Looking beyond numbers, the preliminary conclusion by biochemist is that foldit players are on par, but not better than protein folding experts at trying to solve the same problem with all tools available to them. It also appears that foldit outperformed all fully automated server submissions. Hopefully over time foldit can do even better, but being able to produce solutions of same quality as experts means that the top science research can now also be done outside of labs by game players, significantly speeding up the process of scientific advancement! As developers, we are truly inspired by this.
Of course, we didn't do well on all puzzles, but even this has been very useful to us as we're evolving the game further to significantly improve over these findings.
Some caveats that should be mentioned:
- there is a considerable amount of discussion over what is the best way to score the quality of the solution, and GDT_TS is just one of them that CASP8 sorts their solutions by. The ranking would be slightly different with different metrics, but the overall conclusion should not change.
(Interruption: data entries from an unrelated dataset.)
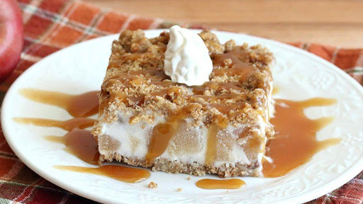 3 In a large mixing bowl, add the softened ice cream and stir in the apple pie pieces and caramel sauce. Pour the mixture over the crumbs in the 8x8-inch baking dish. Sprinkle the remaining crumbs over the top, cover with aluminum foil and freeze for at least 3 hours.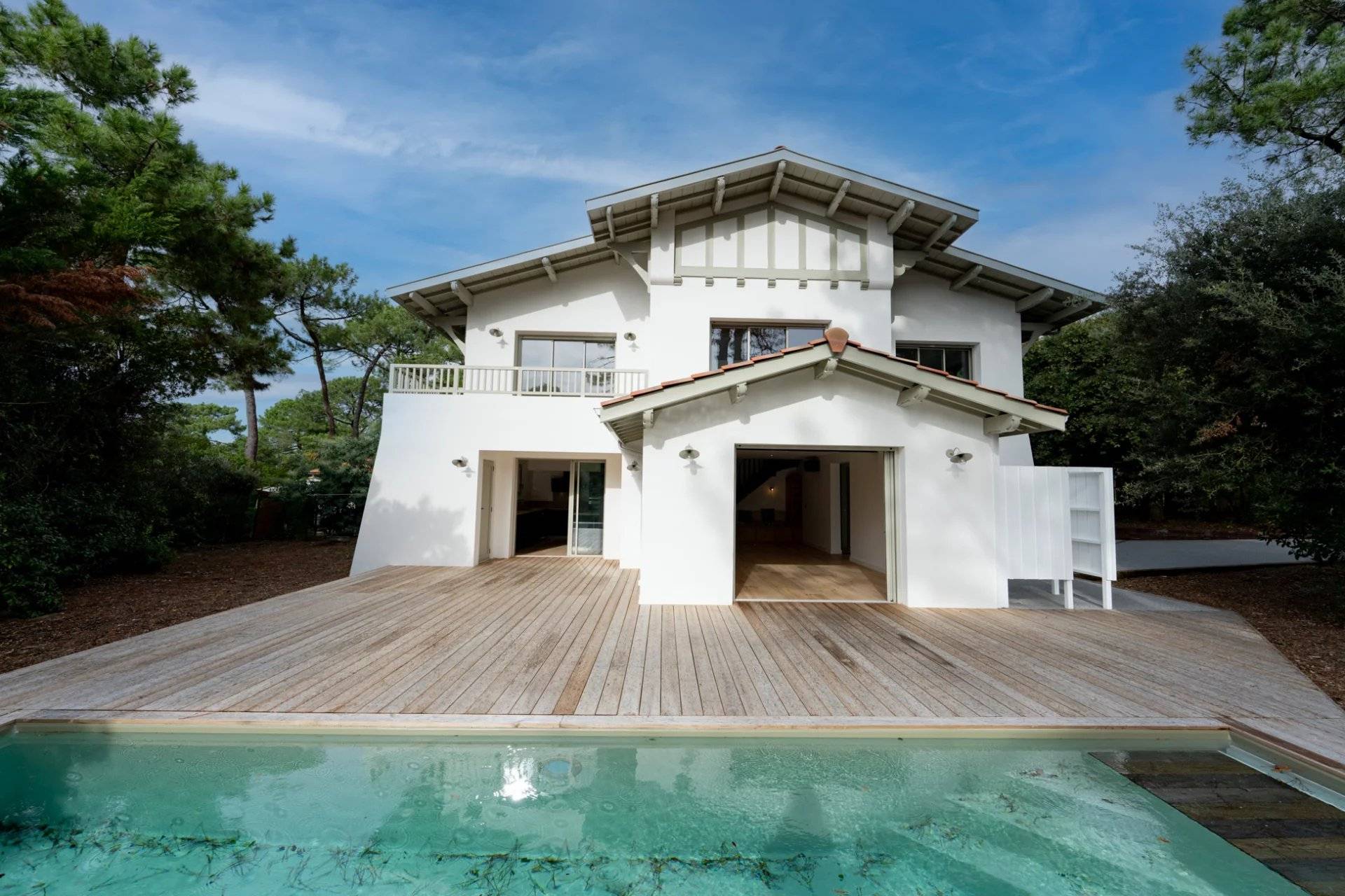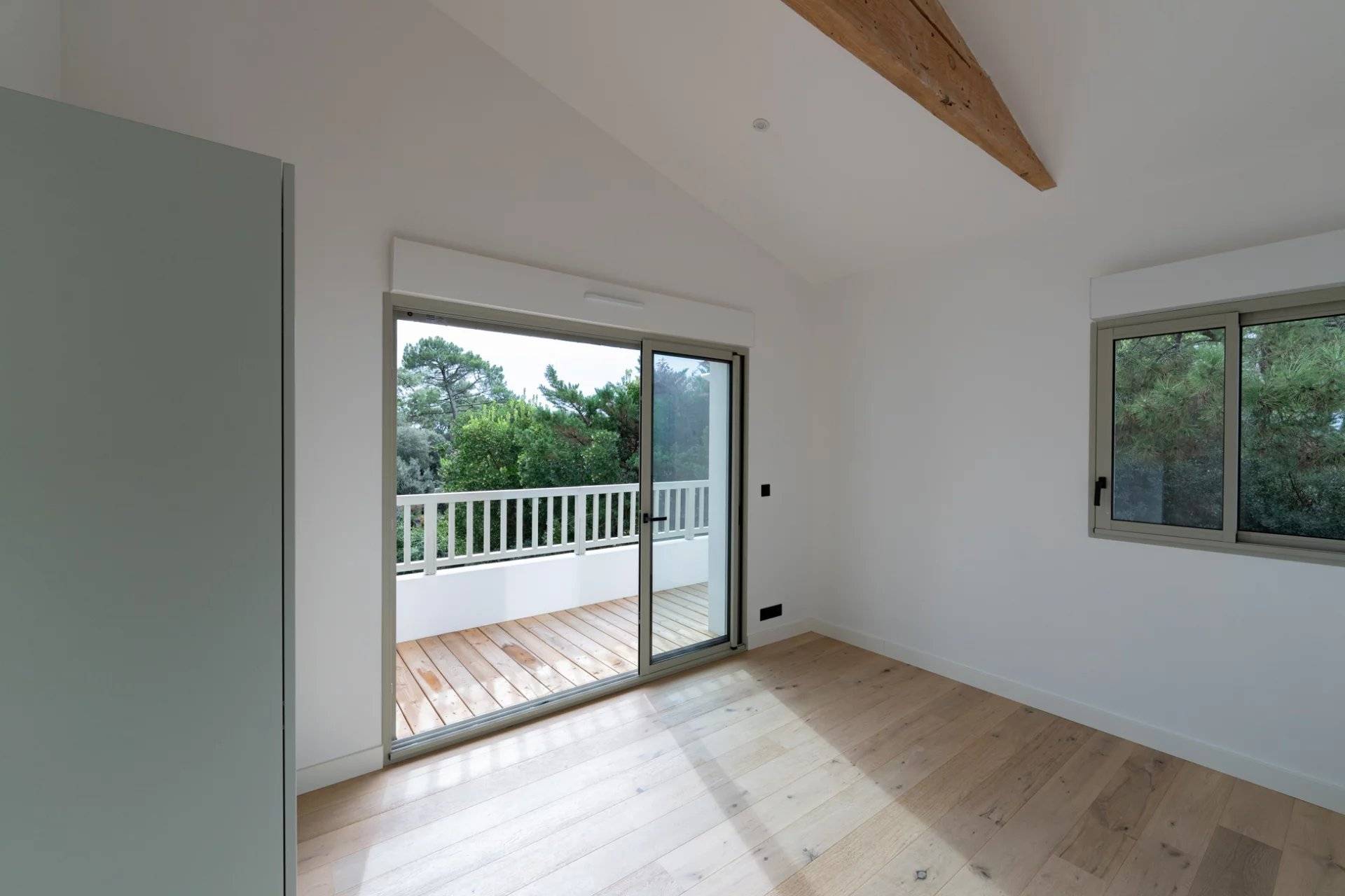 À l'étage, trois vastes chambres, dont l'une bénéficie d'un balcon offrant une vue imprenable sur les pins. L'une d'entre elles dispose de sa propre salle d'eau pour plus d'intimité. Une salle de bain avec baignoire et douche, ainsi qu'un WC sur le palier, contribuent au confort des deux autres chambres.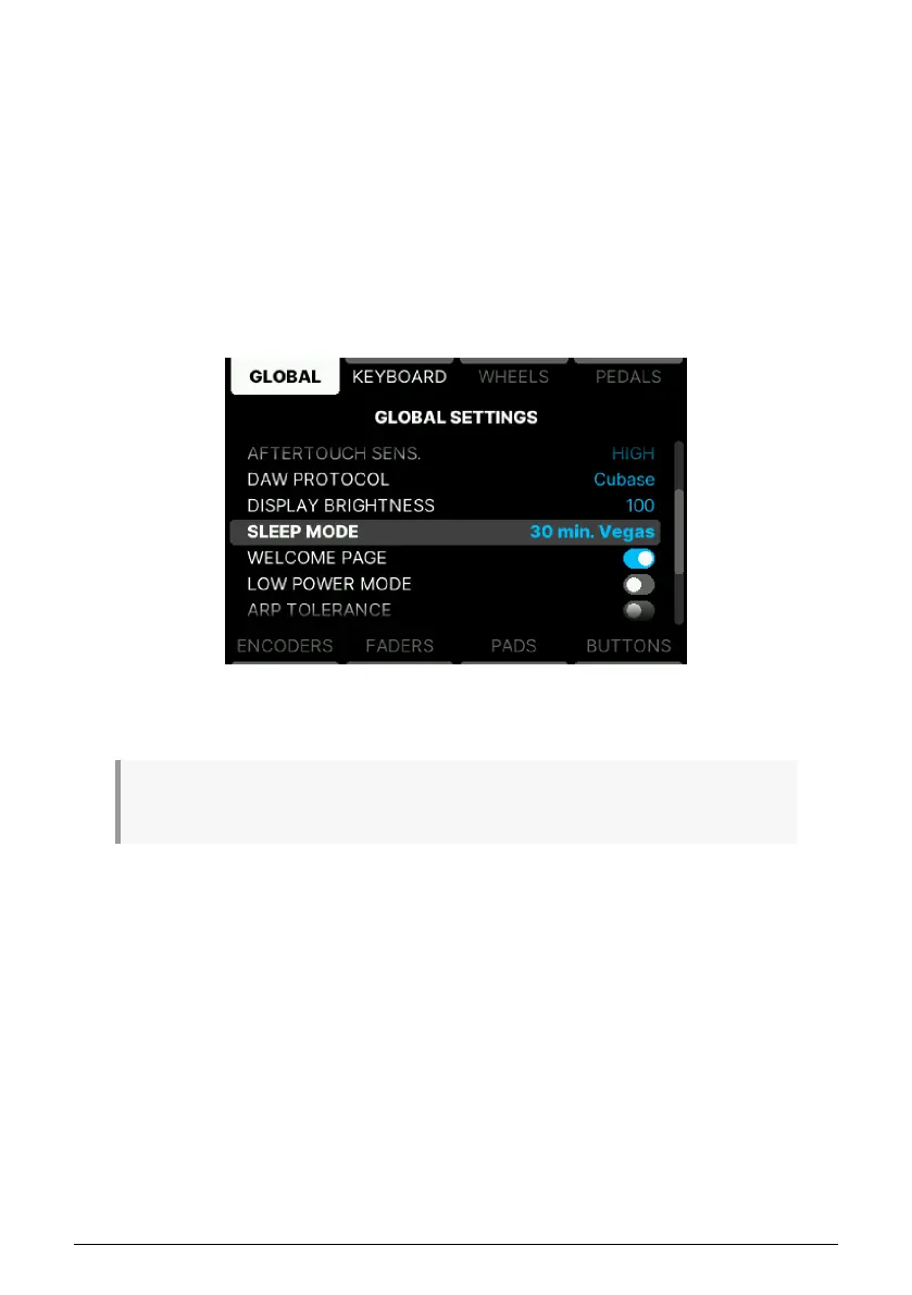 If left idle, KeyLab mk3 will go into sleep mode, similar to a computer screensaver. All

- it is possible that the specific starting point including all the constraint bands played a significant role in the success of foldit solutions, and we may have gotten a particularly good one from the Baker lab. To understand this better, we'll be introducing new puzzles (more on that tomorrow).
- foldit did not have the sequence allignment tool that is fundamental for protein prediction. Scientists use sequence alighment a lot to find the best score. For next CASP challenge we will make sure that these tools are also part of the game, which should significantly enable the gameplay and the resulting proteins.